Nickel Boys Review

Nickel Boys
In segregated 1960s Florida, young Elwood (Ethan Herisse) is wrongfully sent to the Nickel Academy reform school, an effective jail for African-Americans.

by Kambole Campbell |
Published on

There might not be anything else like RaMell Ross’ Nickel Boys. Adapting the 2019 novel by Colson Whitehead (best known to most for The Underground Railroad, adapted for TV by Barry Jenkins in 2021), Ross finds an unorthodox approach here: extrapolating the book’s third-person narrative into a first-person point-of-view, the camera almost entirely presenting the action as through the eyes of its protagonists. Think Peep Show, but as a serious and urgent drama.

Nickel Boys

It follows Elwood (Ethan Herisse), a young idealist living in Jim Crow-era Florida. Under false accusations, he’s sent to the Nickel Academy for Boys, a “correction school” — in reality a prison by any other name, complete with the exploitation of its inmates as free labour. While there, Elwood befriends another young man named Turner (Brandon Wilson), who has a much more cynical outlook on freedom for African-Americans or any potential of escaping the school itself.
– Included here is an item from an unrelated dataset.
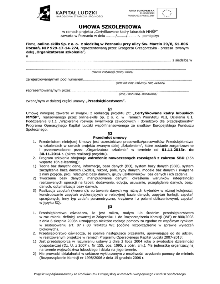 UMOWA SZKOLENIOWA w ramach projektu „Certyfikowane kadry lubuskich MMŚP” zawarta w Poznaniu w dniu ….…../………/……… r. pomiędzy: Firmą online-skills Sp. z o. o. z siedzibą w Poznaniu przy ulicy Św. Marcin 29/8, 61-806 Poznań, NIP 929-17-14-274, reprezentowaną przez Grzegorza Grzegorczyka - prezesa zwanym dalej „Organizatorem szkolenia”, a …………………………………………………………..…………………………………………………………………. z siedzibą w …………………………………………………………………………………………………………………………………………… (nazwa instytucji) (pełny adres) zarejestrowaną/nym pod numerem………………………………………………….…………………………………….……. (KRS lub inny właściwy, NIP, REGON) reprezentowaną/nym przez……………………………………………..……………….....………….………………………. (imię i nazwisko, stanowisko) zwaną/nym w dalszej części umowy „Przedsiębiorstwem”. §1 Umowę niniejszą zawarto w związku z realizacją projektu pt: „Certyfikowane kadry lubuskich MMŚP”, realizowanego przez online-skills Sp. z o. o. w ramach Priorytetu VIII, Działania 8.1, Poddziałania 8.1.1 „Wspieranie rozwoju kwalifikacji zawodowych i doradztwo dla przedsiębiorstw” Programu Operacyjnego Kapitał Ludzki współfinansowanego ze środków Europejskiego Funduszu Społecznego. §2 Przedmiot umowy 1. Przedmiotem niniejszej Umowy jest uczestnictwo pracownika/pracowników Przedsiębiorstwa w szkoleniach w ramach projektu zwanym dalej „Szkoleniem”, które zostanie zorganizowane i przeprowadzone przez „Organizatora szkolenia” w terminie od 01.11.2013r. do 30.11.2014 r. (okres realizacji projektu). 2. Program szkolenia obejmuje wdrożenie nowoczesnych rozwiązań z zakresu SBD (45h wsparte 16h e-learning): 1) Teoria baz danych: dane, informacje, baza danych (BO), system bazy danych (SBD), system zarządzania bazą danych (SZBD), rekord, pole, typy danych, modele baz danych i związane z nimi pojęcia, proj. relacyjnej bazy danych, grupy użytkowników baz danych i ich zadania. 2) Tworzenie bazy danych, manipulowanie danymi: określenie warunków integralności realizowanych operacji na tabeli: dodawanie, edycja, usuwanie, przeglądanie danych, bezp. danych, optymalizacja bazy danych. 3) Realizacja zapytań (kwerend): sortowanie danych wg różnych kryteriów w różnej kolejności, konstruowanie zapytań wybierających w relacyjnej bazie danych, zapytań funkcji, zapytań sprzężonych, inny typ zadań: parametryczne, krzyżowe i z polami obliczeniowymi, zapytań w języku SQL §3 1. Przedsiębiorstwo oświadcza, że jest mikro, małym lub średnim przedsiębiorstwem w rozumieniu definicji zawartej w Załączniku 1 do Rozporządzenia Komisji (WE) nr 800/2008 z dnia 6 sierpnia 2008r. uznającego niektóre rodzaje pomocy za zgodne ze wspólnym rynkiem w zastosowaniu art. 87 i 88 Traktatu WE (ogólne rozporządzenie w sprawie wyłączeń blokowych). 2. Przedsiębiorstwo oświadcza, że spełnia następujące przesłanki, uprawniające go do udziału w realizowanym projekcie w ramach Programu Operacyjnego Kapitał Ludzki 2007-2013: 1) Jest przedsiębiorcą w rozumieniu ustawy z dnia 2 lipca 2004 roku o swobodzie działalności gospodarczej (Dz. U. z 2007 r. Nr 155, poz. 1095, z późn. zm.). Ma jednostkę organizacyjną na terenie województwa lubuskiego i działa na jego terenie. 2) Nie prowadzi działalności w sektorze wykluczonym z możliwości uzyskania pomocy de minimis (Rozporządzenie Komisji nr 1998/2006 z dnia 15 grudnia 2006 r. Projekt współfinansowany ze środków Unii Europejskiej w ramach Europejskiego Fundusz Społecznego 3) Nie pozostaje w trudnej sytuacji ekonomicznej zgodnie z Rozporządzeniem Komisji (WE) nr 800/2008 z dnia 6 sierpnia 2008 r. uznającym niektóre rodzaje pomocy za zgodne ze wspólnym rynkiem w zastosowaniu art. 87 i 88 Traktatu WE (ogólne rozporządzenie w sprawie wyłączeń blokowych). 4) Nie jest podmiotem, na którym ciąży obowiązek zwrotu pomocy, wynikający z decyzji Komisji Europejskiej uznającej pomoc za niezgodną z prawem oraz wspólnym rynkiem (Ustawa z dn. 30 kwietnia 2004r. o postępowaniu w sprawach dotyczących pomocy publicznej Dz. U. z 2007r., Nr 59, poz. 404). 5) Należy do branż wskazanych w SRWL/LRSI (min. przetwórstwo przemysłowe, motoryzacyjna, chemiczna, materiałów budowlanych, informatyczna, drzewna, spożywcza, turystyczna, elektroniczna, informatyczna, papiernicza, produkcji tworzyw sztucznych, tekstylna, wydawnicza). §4 1. Uczestnikiem/uczestniczką szkolenia może zostać tylko oddelegowany pracownik/pracownica bądź kadra zarządzająca Przedsiębiorstwa, w dniu podpisania deklaracji przystąpienia do projektu spełniający łącznie poniższe kryteria kwalifikowalności: 1) Pracuje i / lub mieszka w województwie lubuskim. 2) Jest zatrudniony/a w Przedsiębiorstwie na podstawie umowy o pracę, bądź jest osobą samozatrudnioną. 2. Przedsiębiorstwo deleguje na szkolenie pracownika/pracowników wykazanych w formularzu zgłoszeniowym. Zmiana osób delegowanych na szkolenie jest możliwa wyłącznie za pisemną zgodą Organizatora szkolenia, po sprawdzeniu spełniania przez daną osobę kryteriów uczestnictwa w projekcie. 3. Szkolenie, będące przedmiotem niniejszej umowy, stanowi dla Przedsiębiorcy kierującego swojego pracownika na szkolenie pomoc de minimis, która jest udzielana zgodnie z Rozporządzenia Ministra Rozwoju Regionalnego z dnia 15 grudnia 2010 r. w sprawie udzielania pomocy publicznej w ramach Programu Operacyjnego Kapitał Ludzki. 4. Wysokość pomocy publicznej (pomocy de minimis) udzielonej w ramach Projektu wynosi 3 023,75 PLN (słownie: trzy tysiące dwadzieścia trzy złote siedemdziesiąt pięć groszy) w przeliczeniu na każdego oddelegowane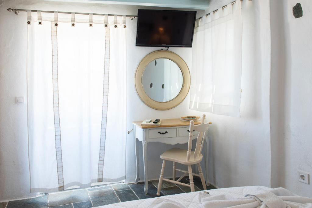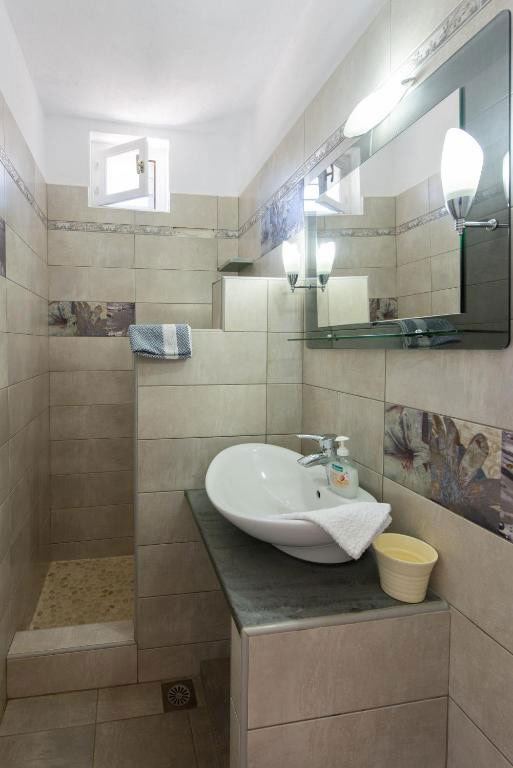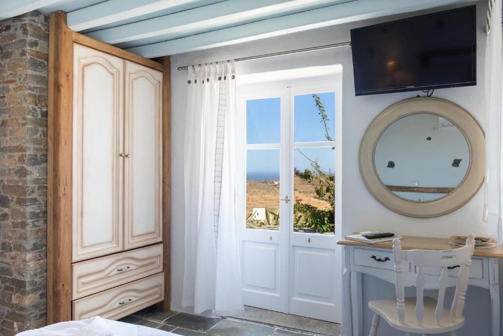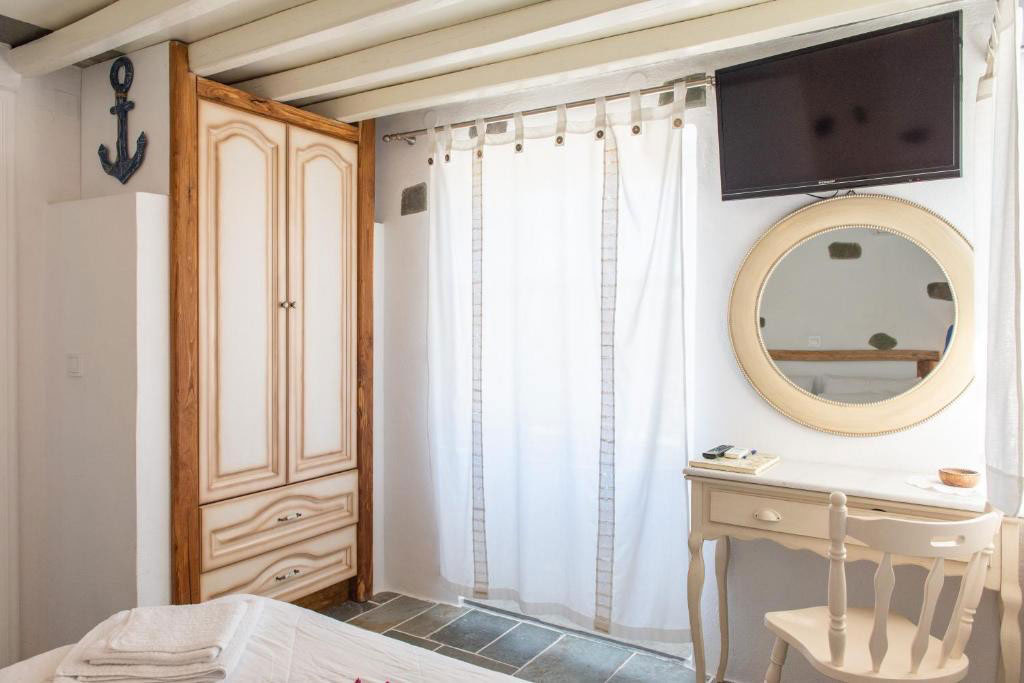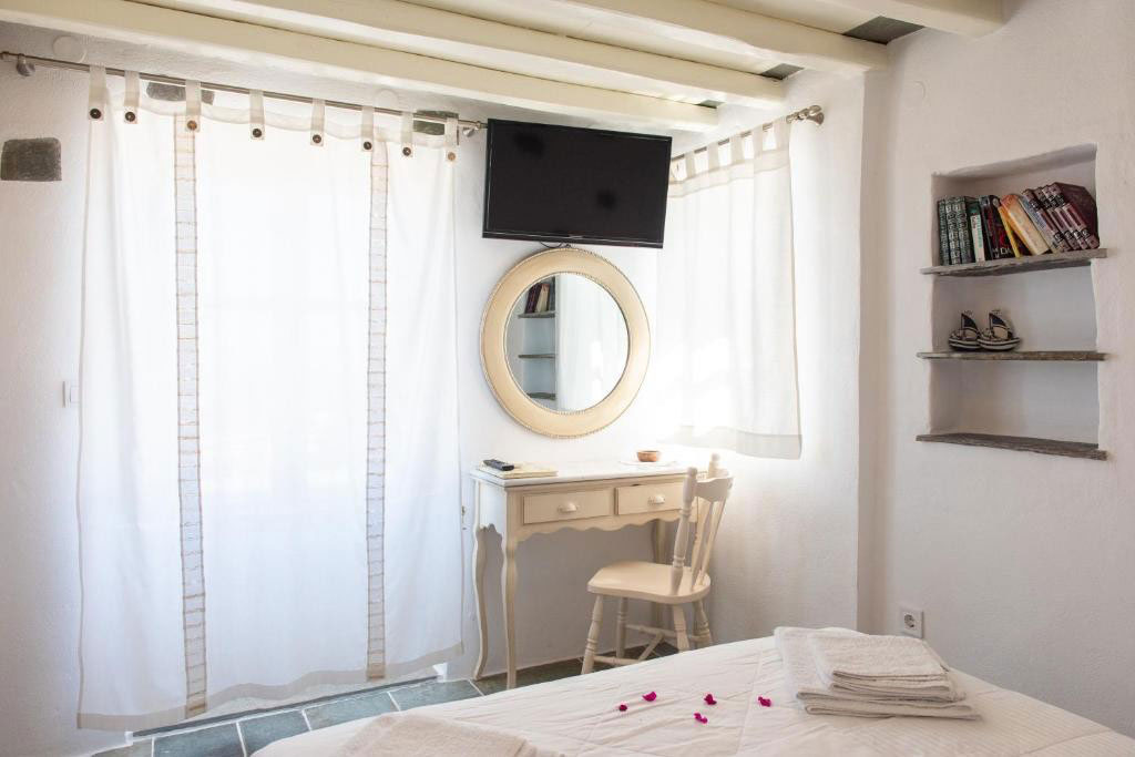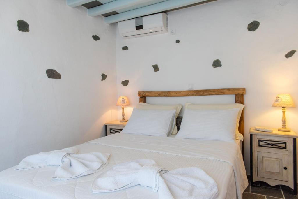 Les appartements Efthymia disposent de deux appartements de 40 m² chacun, portant les noms "Voukamvilia" et "Strofi". Ce sont/ Il s'agit de deux logements similaires, comprenant une chambre principale avec un lit double en maçonnerie et une autre pièce abritant la cuisine et le salon. Dans le salon, un canapé convertible peut se transformer en lit (simple ou double). À l'intérieur des appartements, le bois se mêle à la pierre, les teintes sont inspirées par la terre, et les éléments cycladiques complètent le cadre.

The camerawork becomes a way of illustrating a character’s thoughts without narration, and with an immediacy that feels unprecedented.

Through his distinctive first-person method, Ross —  a photographer and documentarian, making his fictional feature debut here — isn’t just playing with cinematic framing but also how such films frame the past. On some level it feels like a corrective to more sensationalised recreations of America’s racist anti-Black history, seeking to empathise rather than observe. That might seem like a slight distinction, but you can feel it in Nickel Boys’ revolutionary cinematography.

Nickel Boys

It takes a little bit of getting used to: after all, a head and a human eye doesn’t quite move like a camera does. Leaning too hard into replicating that motion might prove a little disorientating. To the director’s credit, Ross is not entirely strict with his experimental methods. Overall, the combined approach feels as natural as a photographer’s eye — framing the horrors of the Jim Crow era as it would have been observed by its victims. The camerawork becomes a way of illustrating a character’s thoughts without narration, and with an immediacy that feels unprecedented.

It embodies a subjective perspective that so few films about Black lives have. In one heart-stopping moment, Elwood tentatively creeps around a corner, in fear of what he hears around it; the camera’s limited point-of-view only adds to that innate paranoia. But it’s also a unique and sensory approach to portraying memory, its associated sounds, textures and actions seen up close. Given Herisse and Wilson are only seen in reflections and glimpses, it’s a technique that makes it difficult to evaluate the actual acting — but what we do see is revelatory in how Ross’ camera plays with our perception of them, and how they respond. It’s one of many ways in which Nickel Boys turns so many entrenched ideas about performance and perspective on their head.

Nickel Boys is a triumph. Its unique approach brings a new dimension to its source material, while amplifying the emotional resonance between the present and a horrifying past.